The company started using Connected Corp.'s Online Backup program for its remote users last year. The system automates data backup for remote users and lets them recover data quickly. What Corinha likes best about this process is that it's done with a minimal amount of data moving across the company's intranet. For example, if one employee saves an Excel spreadsheet and then changes one cell in that spreadsheet, Online Backup would back up only the data that had been changed. GTE Internetworking saves all versions of its files for three years.
"The product totally empowers end users," Corinha says. "They don't have to put in a call to the help desk to recover a lost file or a different version of a file. They can ask the system themselves for any version of a file that they want and get it by themselves."
GTE Internetworking has also introduced Legato Systems' NetWorker for its workstation and server backups. NetWorker 5.5, released last fall, supports additional computing environments, including Novell NetWare 5, and Sun Solaris 7, and offers increased scalability, availability, and performance. Its new "save set consolidation" feature consolidates incremental backups into a full backup.
Cross-Platform Support
Another problem for companies is backing up data created in applications running on several different operating systems.
Exide Electronics Group Inc., a Raleigh, N.C., company that sells uninterruptible power supply systems, runs Sun Solaris, Windows NT, and OS/400 operating systems. For its backup needs, Exide chose Computer Associates' ArcServe 6.5 and Unicenter TNG 2.1 with Advanced Storage Option, which provides one interface for backing up data from all of its operating systems.
Unicenter TNG monitors all data sources and lets the company manage its backups from one location. So if data in one site is being backed up and something goes wrong, the ArcServe administrator will be alerted and can fix the problem remotely and notify staff at the site that there was a problem. Exide backs up all data to tapes, which are picked up and stored each night in an off-site fireproof vault.
The company needed to back up files and E-mail created in applications running on all of its platforms quickly and reliably because the company relies on E-mail and Excel spreadsheets for critical financial information. When Exide was acquired by British Tire and Rubber in November 1997, it was forced to reduce the time it took to close its financial books from 21 days to two because of British financial reporting requirements.
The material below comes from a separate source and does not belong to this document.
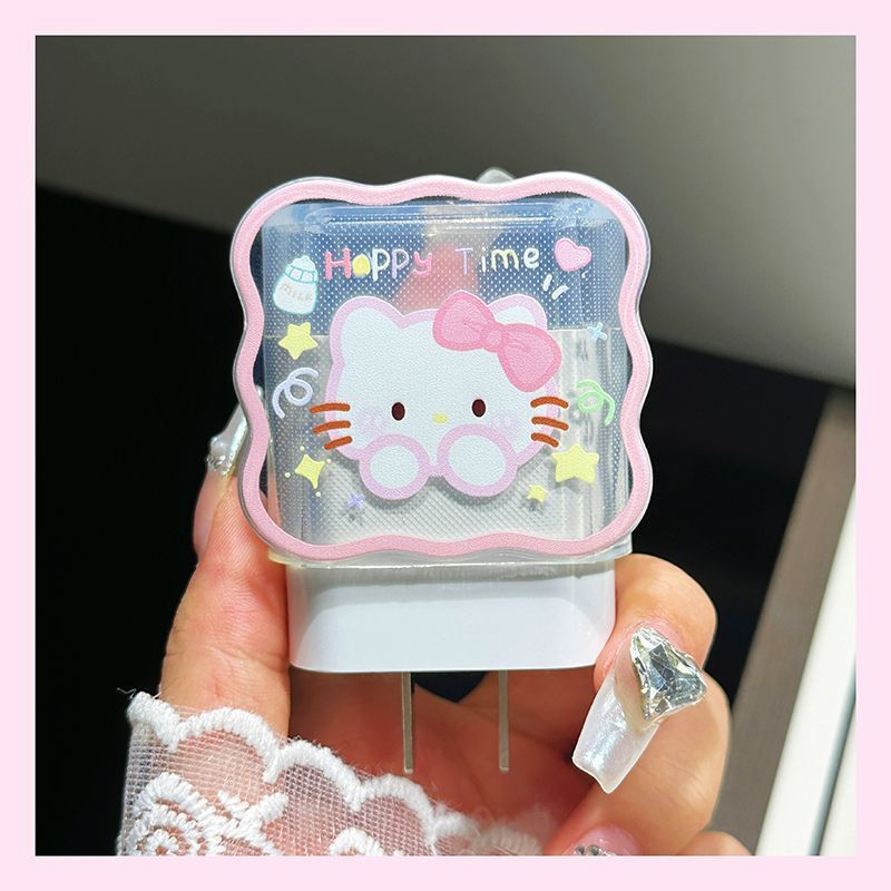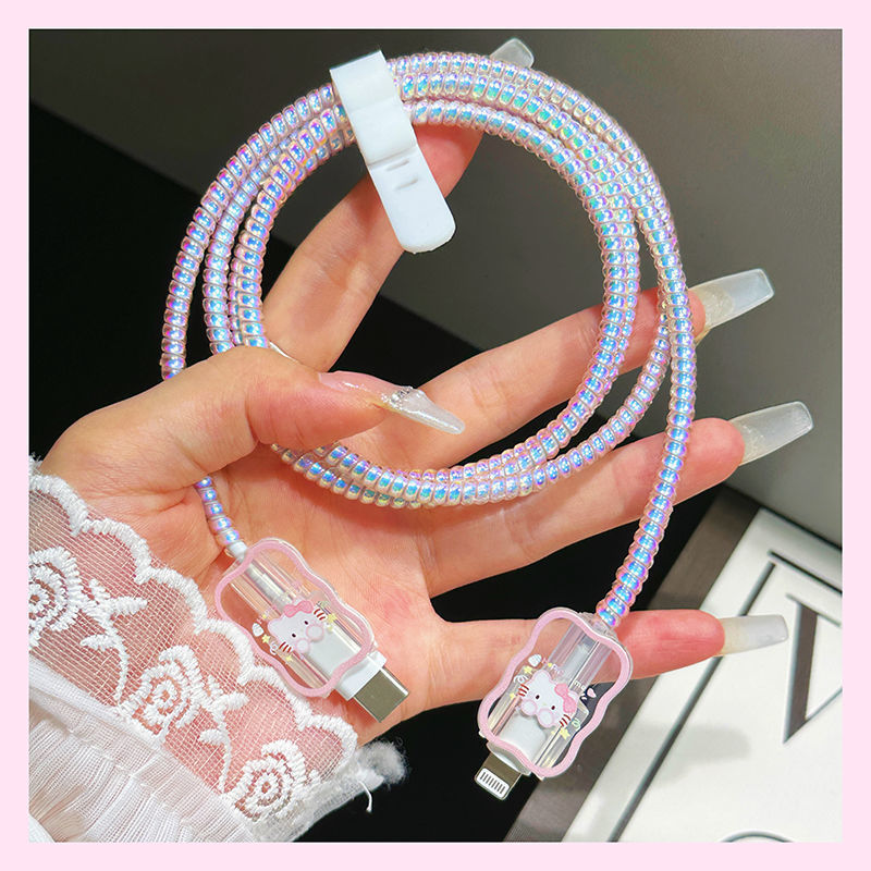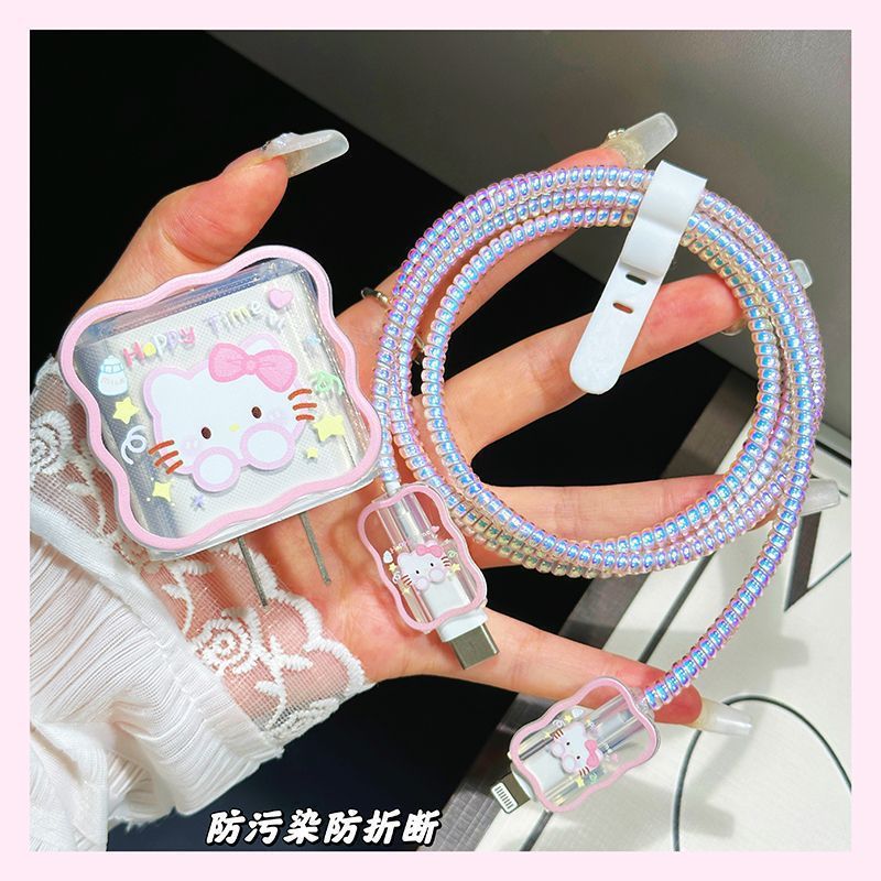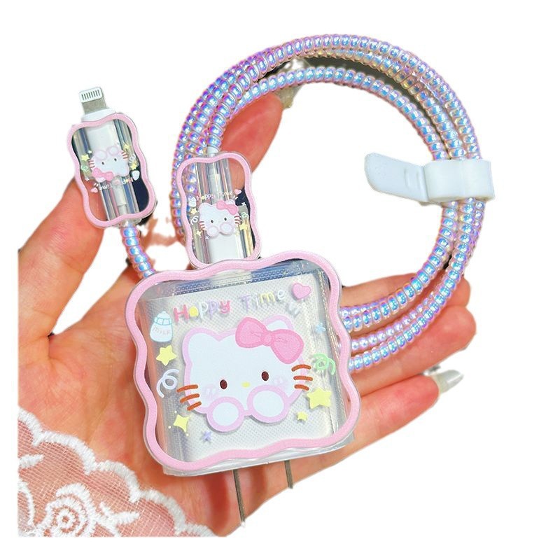 粉色KT猫适用苹果充电头套保护套20w数据线充电器保护套防折波浪

With such a tight deadline, the company couldn't afford a two- or three-day delay in recovering E-mail messages.
"E-mail has become critical to our business, and we couldn't afford to lose any information, especially with our new time constraints," says Exide CIO Irv Barnes. "From my standpoint, having a reliable backup and recovery strategy means having a job--because if our systems go down and we can't backup or recover the data, I guarantee I won't be working here."
Analysts predict that over the next few years, the use of Internet technologies in core business applications will lead to software solutions that let IT departments and individual users back up data faster and provide data management in addition to protection. They attribute this to the growing use of notebook computers and the 24-hour convenience of the Internet.
Enhancements in software, not hardware, are driving improvements in backup and recovery, says Raymond Freeman, president of research firm Freeman & Associates. "Eventually, the Internet will be a critical component to every corporation's backup strategies."